Provided records:
╔══

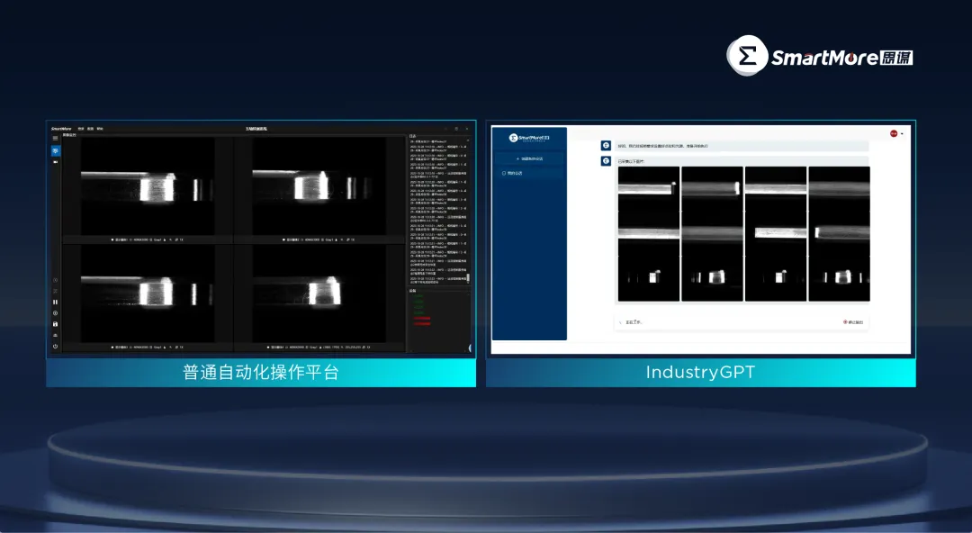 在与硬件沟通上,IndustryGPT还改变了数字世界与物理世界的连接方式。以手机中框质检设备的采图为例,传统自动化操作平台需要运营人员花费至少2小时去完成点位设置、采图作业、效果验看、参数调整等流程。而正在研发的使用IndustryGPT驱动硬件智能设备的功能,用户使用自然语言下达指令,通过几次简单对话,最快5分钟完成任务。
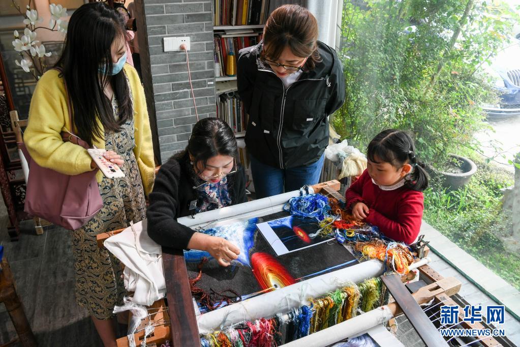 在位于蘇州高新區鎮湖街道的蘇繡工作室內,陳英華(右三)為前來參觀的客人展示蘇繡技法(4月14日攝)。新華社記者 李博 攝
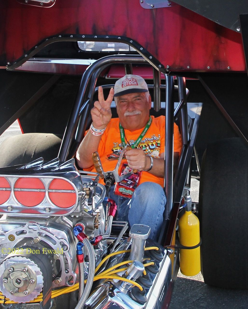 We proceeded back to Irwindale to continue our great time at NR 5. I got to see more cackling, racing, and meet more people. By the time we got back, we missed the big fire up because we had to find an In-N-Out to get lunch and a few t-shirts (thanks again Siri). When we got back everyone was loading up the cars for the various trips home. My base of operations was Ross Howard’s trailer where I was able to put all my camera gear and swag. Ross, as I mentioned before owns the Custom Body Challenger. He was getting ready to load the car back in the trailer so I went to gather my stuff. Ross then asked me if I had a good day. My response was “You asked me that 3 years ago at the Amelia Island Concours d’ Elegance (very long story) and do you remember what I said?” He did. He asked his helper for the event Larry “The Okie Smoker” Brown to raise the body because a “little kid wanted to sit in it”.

╚══
╔══

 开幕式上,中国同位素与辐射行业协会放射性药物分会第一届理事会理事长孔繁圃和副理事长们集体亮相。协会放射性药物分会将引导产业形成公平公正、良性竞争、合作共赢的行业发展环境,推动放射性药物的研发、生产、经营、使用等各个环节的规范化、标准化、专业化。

╚══

Try it: Would you give again, exactly, the lines in the data above that run from the line containing "在与硬件沟通上,Indust" to the line containing "在位于蘇州高新區鎮湖街道的蘇繡工作室內,陳英華(右三)為前來參觀的客人展示蘇繡技法(4月14日攝)。新華社記者 李博 攝"? Include both ends and no pictures.

Exercise response:
 在与硬件沟通上,IndustryGPT还改变了数字世界与物理世界的连接方式。以手机中框质检设备的采图为例,传统自动化操作平台需要运营人员花费至少2小时去完成点位设置、采图作业、效果验看、参数调整等流程。而正在研发的使用IndustryGPT驱动硬件智能设备的功能,用户使用自然语言下达指令,通过几次简单对话,最快5分钟完成任务。
 在位于蘇州高新區鎮湖街道的蘇繡工作室內,陳英華(右三)為前來參觀的客人展示蘇繡技法(4月14日攝)。新華社記者 李博 攝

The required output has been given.